Late this afternoon I was asked by a student to check whether we had received her attendance sheet for a placement she had been on. I went through the relevant file and found nothing, roping two of my eager-to-leave colleagues (It was almost 4.30pm) into the search. They couldn't find it, not that is until one of them went back to the original file and located the offending document AT THE FRONT OF THE FILE!

Now, everyone makes mistakes, but this is not what you need as a wheelchair user. People think you are a spasmo to begin with, so there is no future in making such elementary errors. The combination of a wheelchair and staggering stupidity (albeit temporary at the end of a long and quite stressful day) only serves to intensify the humiliation. I have set the Disability Rights movement back decades and can only apologise to any of you out there who might be among our number.

Unless you are thick in which case you deserve all you get.

Able-bodied people can be just as thick. Yesterday a friend of mine (wheelchair user, but they are not all, I promise you), phoned to ask if I was alright. He had heard that someone using a wheelchair had been involved in an accident near to my local pub. There were police and an ambulance in attendance, and the victim had clearly suffered significant injury.

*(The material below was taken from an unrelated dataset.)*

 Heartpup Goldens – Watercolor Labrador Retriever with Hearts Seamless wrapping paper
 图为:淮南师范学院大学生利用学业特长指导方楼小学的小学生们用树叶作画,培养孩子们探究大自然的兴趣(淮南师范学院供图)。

'Nah, wasn't me mate, I stayed in on Friday', I told my friend, to which he replied;

'Oh good. Tell you what though, I got told it was me!'

I nearly dropped the phone laughing. For some we wheelchair users all roll into one. I have lost count of the number of times I have been mistaken for another wheelchair user (this friend Phil, and another friend Paul being just two examples). I look nothing like either from the seat cushion upwards. Yet neither of these beat being mistaken for Malcolm, who uses an electric wheelchair! I look nothing like Malcolm from the fucking wheels up!

Come on Britain. You're not trying..............

PROLOGUE

While we're on a theme, I have an older story for you. No less embarrassing, and sadly no less true.

I was on a night out with a group of friends in Liverpool some years ago. It was one of the wettest, shittiest nights weather-wise in all human history. I was crossing the street close to Lime Street Station (I love it there) when a man approached me with a big friendly smile;

"Alright mate.........." he began as he approached me, adding;

"I've got a brother just like you.............."

I gave him a look of puzzlement, carefully considered my options and said;

"What, you mean he is piss wet through?"

He did not continue the conversation..........

Friday, 16 April 2010

Clash Of The Titans

I was going to write a review of this, the 2010 version of a classic tale of Greek mythology, with it's preposterously large serpentine monsters and grumpy Gods. I still might, but before I do there is something I should probably share with you about Clash Of The Titans.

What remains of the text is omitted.